• [WHAT YOU ARE ASKED TO DO]:
The expected answer is the data below, printed verbatim without its pictures.

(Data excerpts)
*****

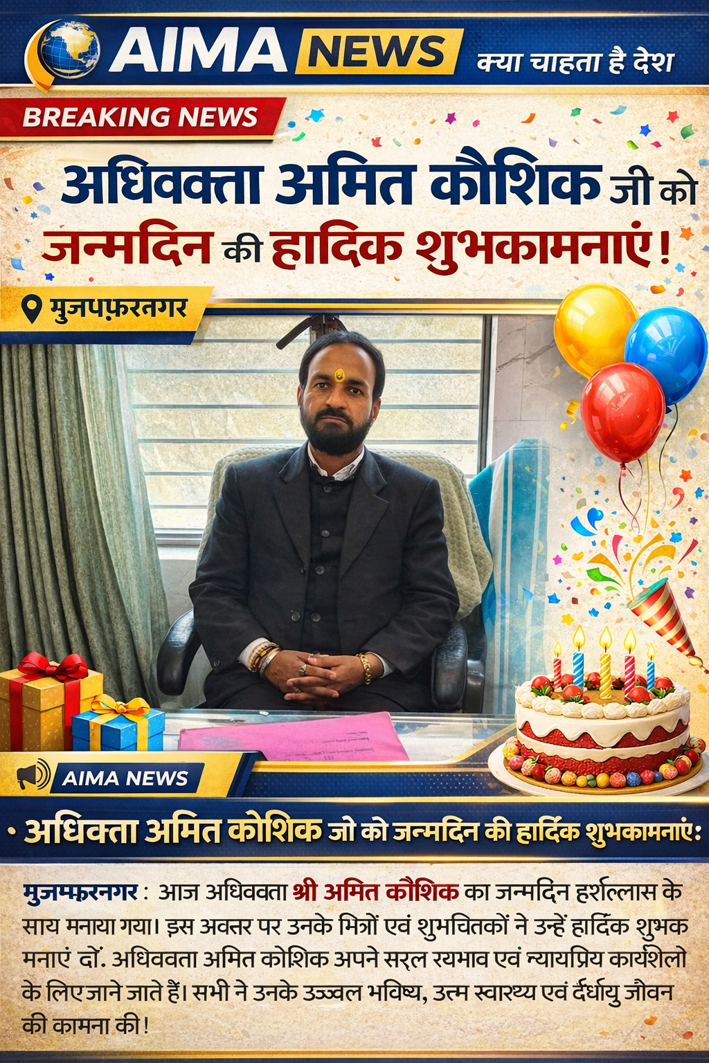 अधिवक्ता अमित कौशिक जी को जन्मदिन की हार्दिक शुभकामनाएं।
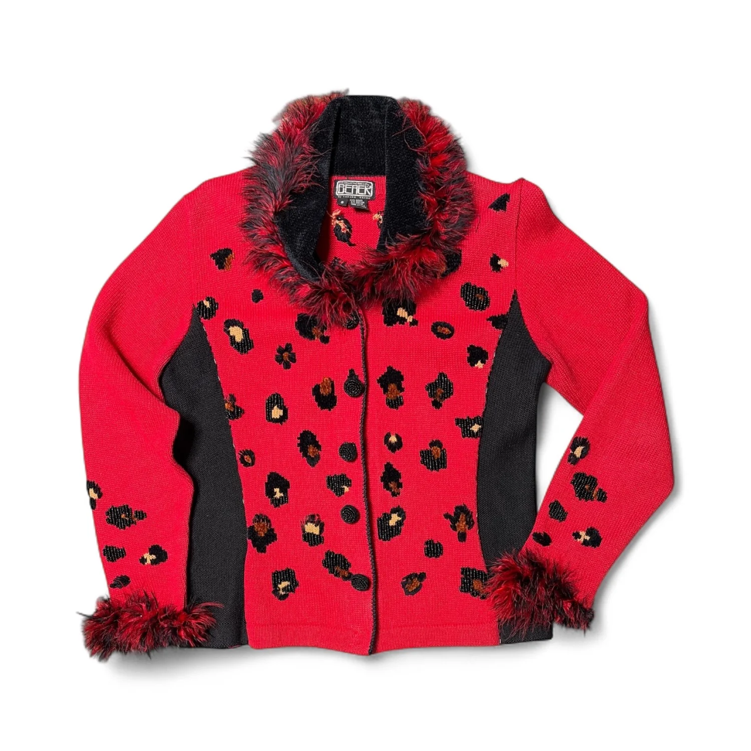 Berek Vintage Animal Print Red Cardigan Furry Accents size Small
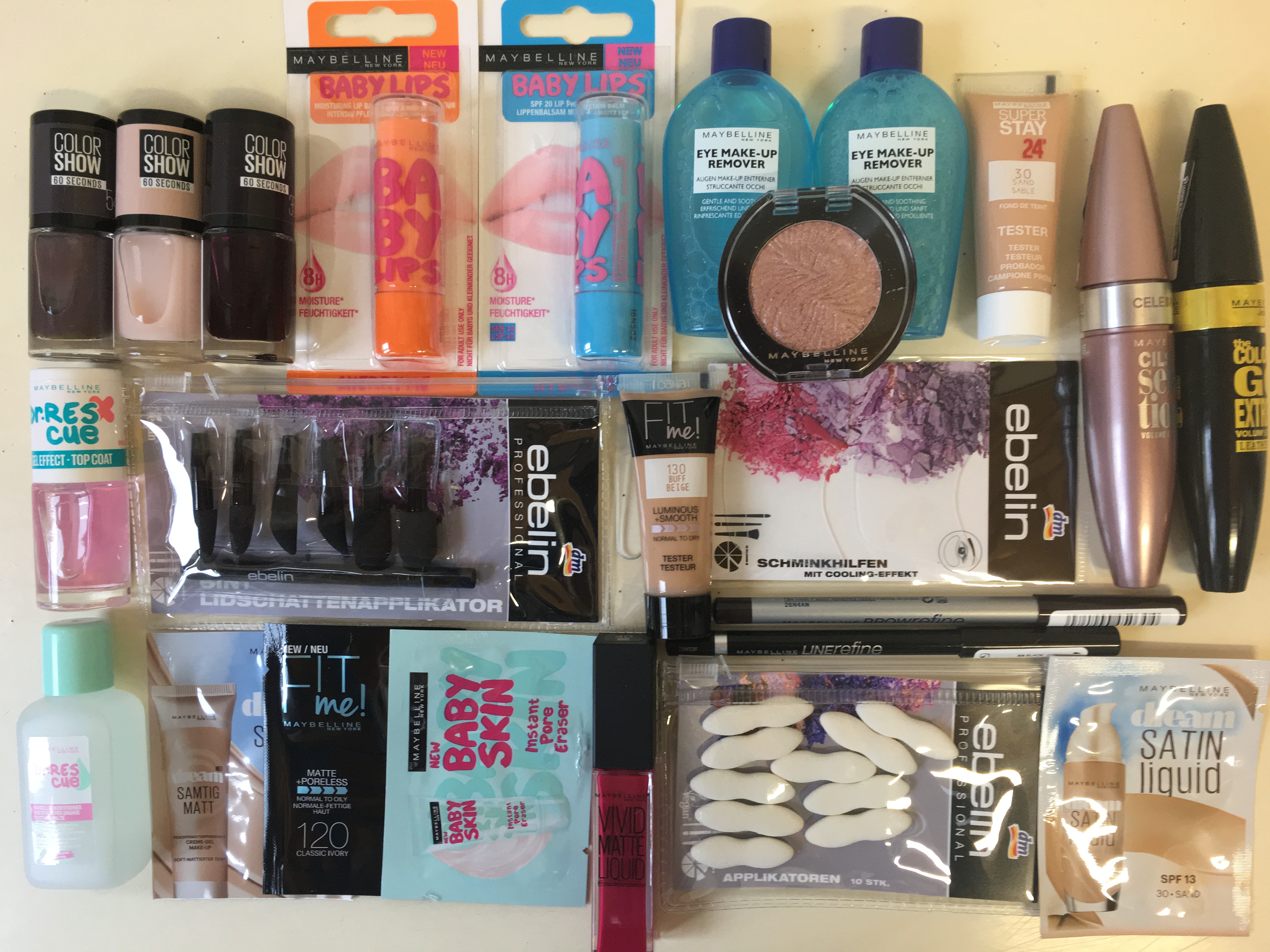 Mascara (Go Extreme und Cils Sensational), 2 Liquid Foundation samples, 1 Crème Gel Make-up sample, 1 Primer sample, 2 small bottles eye make-up remover, 1 eyeshadow, colour Copper Fizz (23), 2 x Lipbalm Baby Lips, 1 eyebrow pencel (dark brown), 1 eyeliner pencil (black), 3 x nail lacquer Color Show 60 Seconds in the colours Burgundy Kiss (357), Peach Pie (31) and Midnight Taupe (549), 1 top coat Dr. Rescue, 1 small bottle nail polish remover, 1 pack with applicators, 1 pack with eyeshadow applicators, makeup pads with cooling-effect for the eye area, 1 lipstick Vivid Matte Liquid in a nice berry tone, 1 Tester Fond de Teint Super Stay 24 und 1 Tester tinted day creme Luminous+Smooth. Matter of expense, about 29,99 EUR.
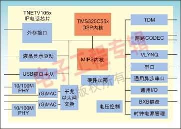 TNETV1050芯片包含一個(gè)內(nèi)置的以太網(wǎng)交換機(jī)以及雙PHY,可以在桌面上提供IP電話服務(wù)的同時(shí),提供一個(gè)PC連接。TNETV1050的USB接口可以使IP電話連接多種USB設(shè)備,如PDA等。設(shè)計(jì)者還可以通過(guò)TI的VLYNQ接口擴(kuò)展多種其他功能,例如Wi-Fi模塊,硬件加密等。芯片集成了LCD控制器、CODEC以及鍵盤(pán)接口,降低了系統(tǒng)成本。
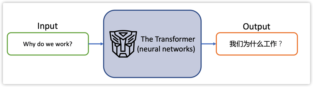 Let’s look at the Transformer model as a single black box. In a machine translation application, it would take a sentence in one language, and output its translation in another.
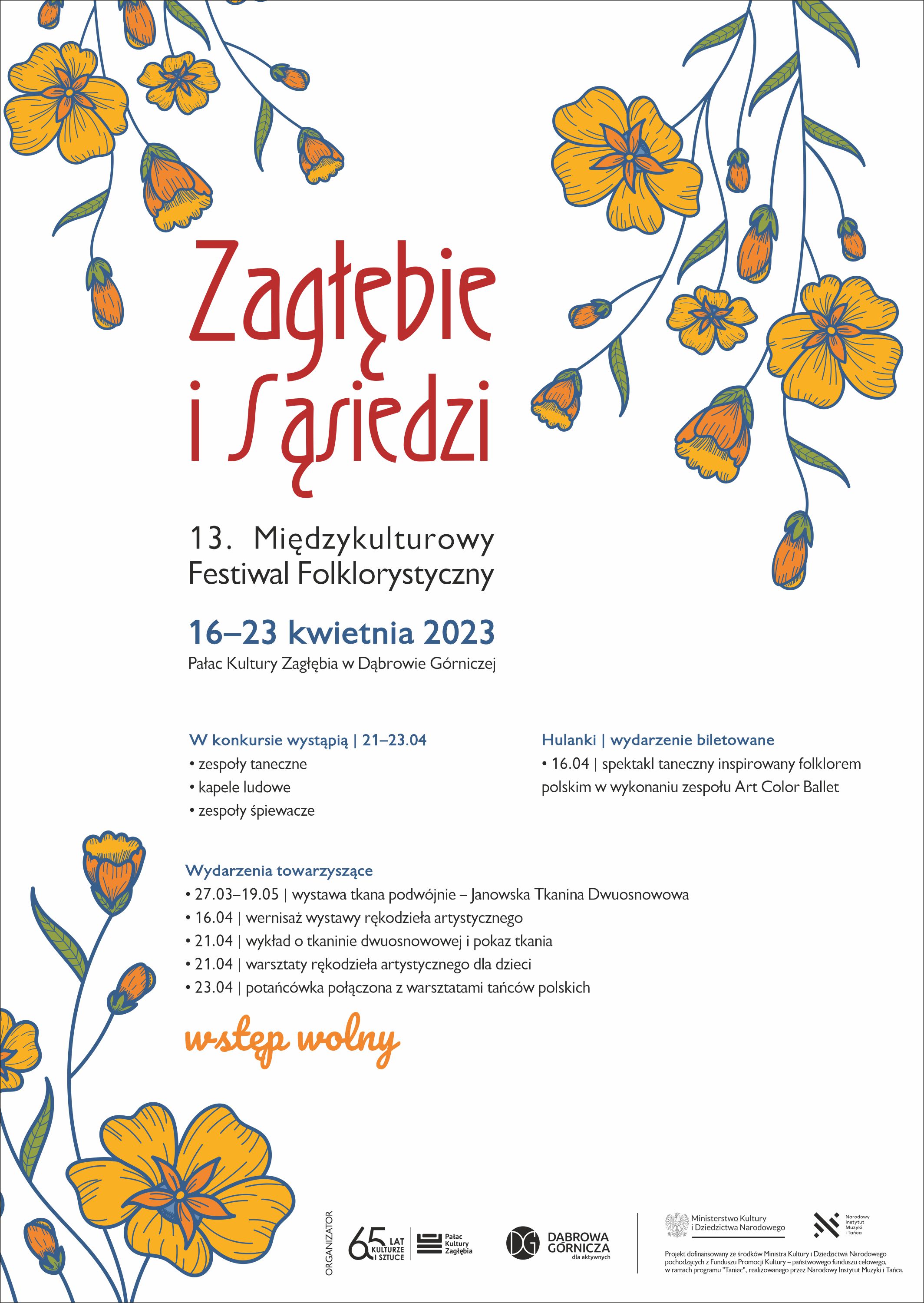 Od 21 do 23 kwietnia br. w Pałacu Kultury Zagłębia odbędzie się kolejna, 13. edycja folkowego święta - Międzykulturowego Festiwalu Folklorystycznego Zagłębie i Sąsiedzi!
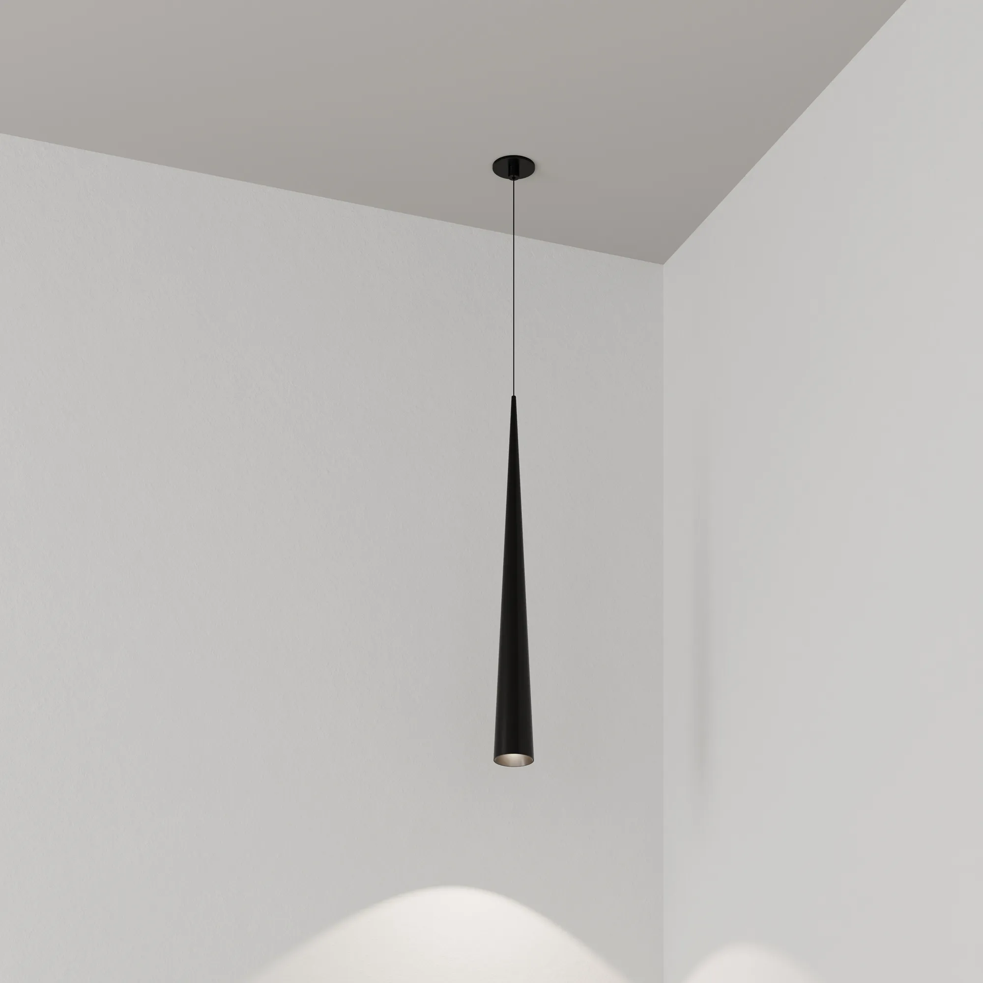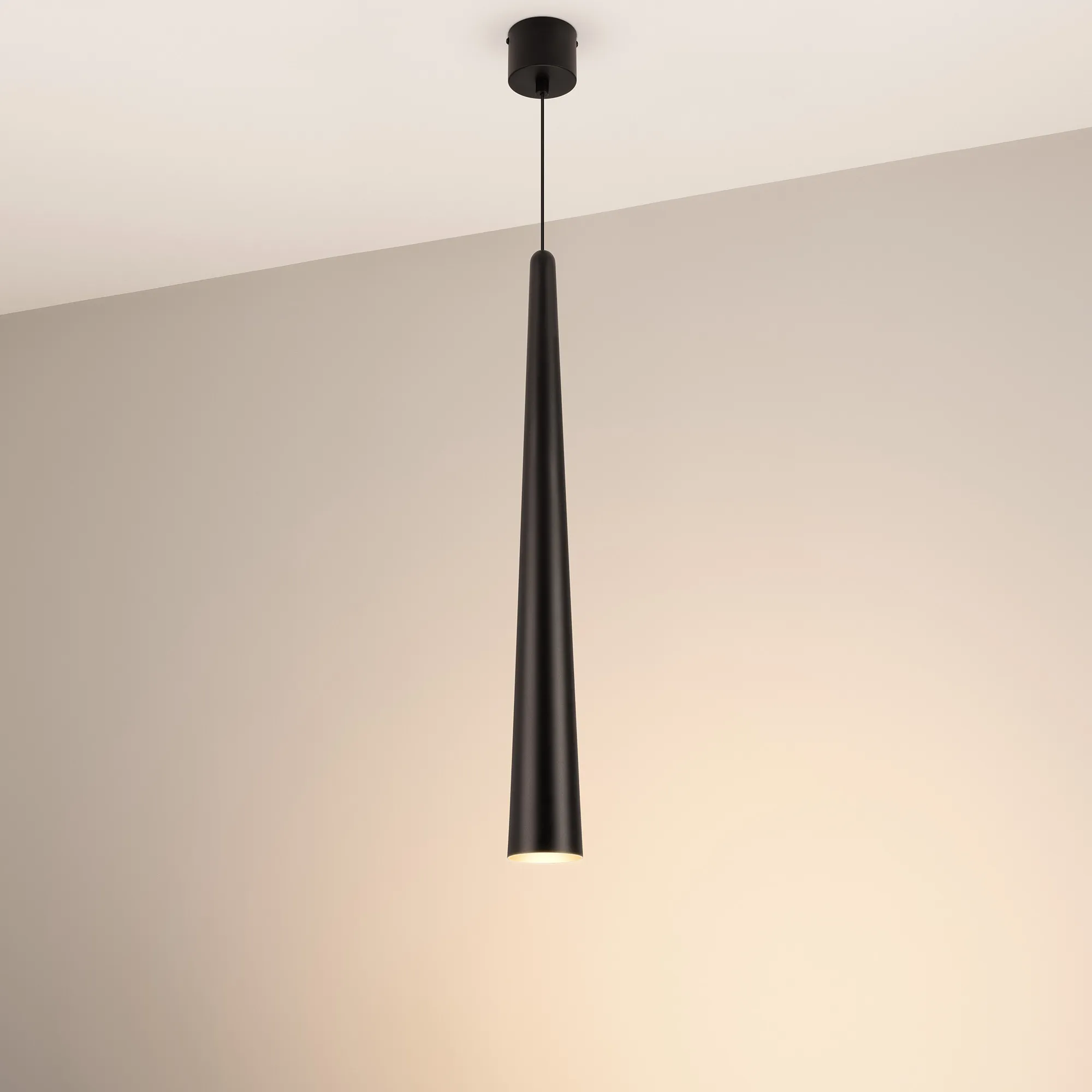 Подвесной светильник. Мощность 5 Вт, св. поток 400 лм, 70 лм/Вт, теплый 3000K, CRI>92, угол 36°, напряжение питания 230 В. Чёрный конусообразный вытянутый корпус из алюминия, линза из PMMA, степень защиты IP20. Размер: диаметр 76 мм, высота 670 мм. Монтаж подвесной, длина подвеса 2000 мм, регулируемая. В комплекте 2 вида чаш. Габариты встраиваемой чаши: Ø 80x41 мм. Габариты накладной чаши Ø80x60 мм. Драйвер 2,8-12В, 500 мА, пульсация <1%.
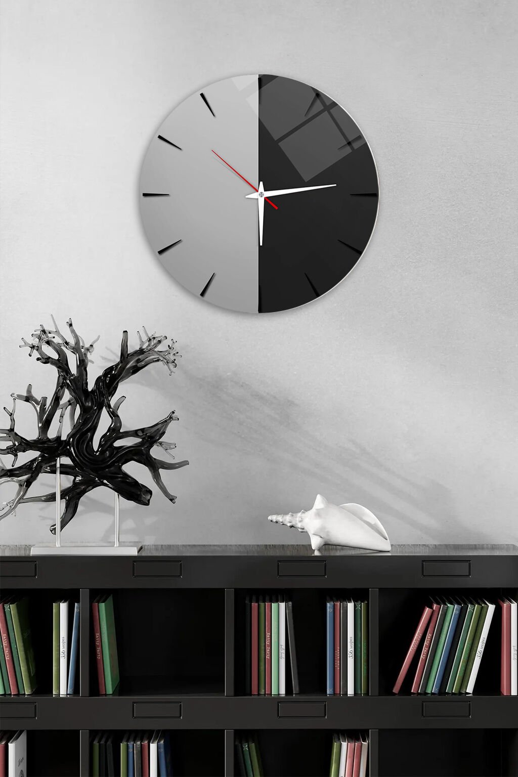 KIRILMAZ CAM DUVAR SAATİ, HEM TABLO HEM SAAT SİYAH BEYAZ MİNİMAL MODERN TASARIM EV OFİS HEDİYESİ
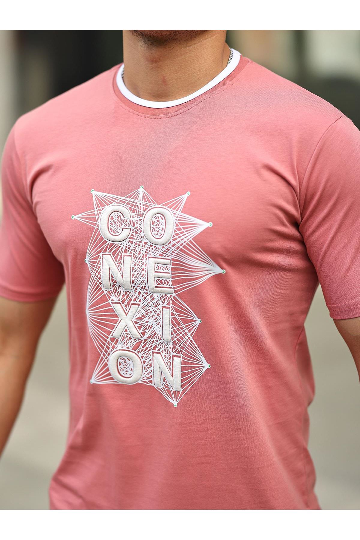 Erkek Slim Fit Nakış Desenli T-Shirt GÜL KURUSU
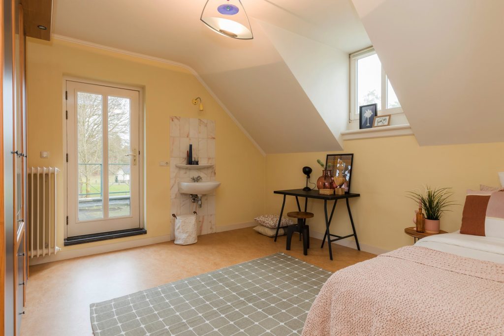 Boven het gehele landhuis bevinden zich meerdere goed afgewerkte zolderkamers ten behoeve van opslag en de opstelling van apparatuur zoals de verwarmingsinstallatie. Het grootste deel van de ruimte is met een vaste trap te bereiken, een klein deel via een vlizotrap.
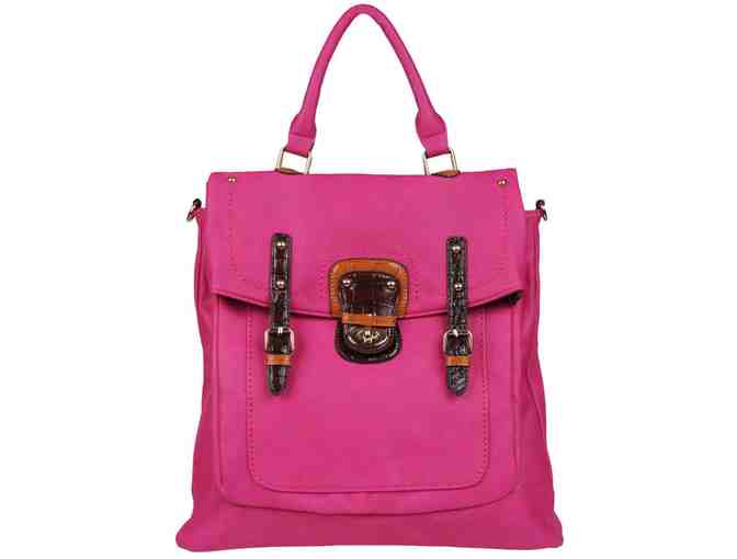 - Top flap with zipper pocket; closes with clasp and dual magnetic closure

*****

• [EXERCISE RESPONSE]:
 अधिवक्ता अमित कौशिक जी को जन्मदिन की हार्दिक शुभकामनाएं।
 Berek Vintage Animal Print Red Cardigan Furry Accents size Small
 Mascara (Go Extreme und Cils Sensational), 2 Liquid Foundation samples, 1 Crème Gel Make-up sample, 1 Primer sample, 2 small bottles eye make-up remover, 1 eyeshadow, colour Copper Fizz (23), 2 x Lipbalm Baby Lips, 1 eyebrow pencel (dark brown), 1 eyeliner pencil (black), 3 x nail lacquer Color Show 60 Seconds in the colours Burgundy Kiss (357), Peach Pie (31) and Midnight Taupe (549), 1 top coat Dr. Rescue, 1 small bottle nail polish remover, 1 pack with applicators, 1 pack with eyeshadow applicators, makeup pads with cooling-effect for the eye area, 1 lipstick Vivid Matte Liquid in a nice berry tone, 1 Tester Fond de Teint Super Stay 24 und 1 Tester tinted day creme Luminous+Smooth. Matter of expense, about 29,99 EUR.
 TNETV1050芯片包含一個(gè)內(nèi)置的以太網(wǎng)交換機(jī)以及雙PHY,可以在桌面上提供IP電話服務(wù)的同時(shí),提供一個(gè)PC連接。TNETV1050的USB接口可以使IP電話連接多種USB設(shè)備,如PDA等。設(shè)計(jì)者還可以通過(guò)TI的VLYNQ接口擴(kuò)展多種其他功能,例如Wi-Fi模塊,硬件加密等。芯片集成了LCD控制器、CODEC以及鍵盤(pán)接口,降低了系統(tǒng)成本。
 Let’s look at the Transformer model as a single black box. In a machine translation application, it would take a sentence in one language, and output its translation in another.
 Od 21 do 23 kwietnia br. w Pałacu Kultury Zagłębia odbędzie się kolejna, 13. edycja folkowego święta - Międzykulturowego Festiwalu Folklorystycznego Zagłębie i Sąsiedzi!
 Подвесной светильник. Мощность 5 Вт, св. поток 400 лм, 70 лм/Вт, теплый 3000K, CRI>92, угол 36°, напряжение питания 230 В. Чёрный конусообразный вытянутый корпус из алюминия, линза из PMMA, степень защиты IP20. Размер: диаметр 76 мм, высота 670 мм. Монтаж подвесной, длина подвеса 2000 мм, регулируемая. В комплекте 2 вида чаш. Габариты встраиваемой чаши: Ø 80x41 мм. Габариты накладной чаши Ø80x60 мм. Драйвер 2,8-12В, 500 мА, пульсация <1%.
 KIRILMAZ CAM DUVAR SAATİ, HEM TABLO HEM SAAT SİYAH BEYAZ MİNİMAL MODERN TASARIM EV OFİS HEDİYESİ
 Erkek Slim Fit Nakış Desenli T-Shirt GÜL KURUSU
 Boven het gehele landhuis bevinden zich meerdere goed afgewerkte zolderkamers ten behoeve van opslag en de opstelling van apparatuur zoals de verwarmingsinstallatie. Het grootste deel van de ruimte is met een vaste trap te bereiken, een klein deel via een vlizotrap.
 - Top flap with zipper pocket; closes with clasp and dual magnetic closure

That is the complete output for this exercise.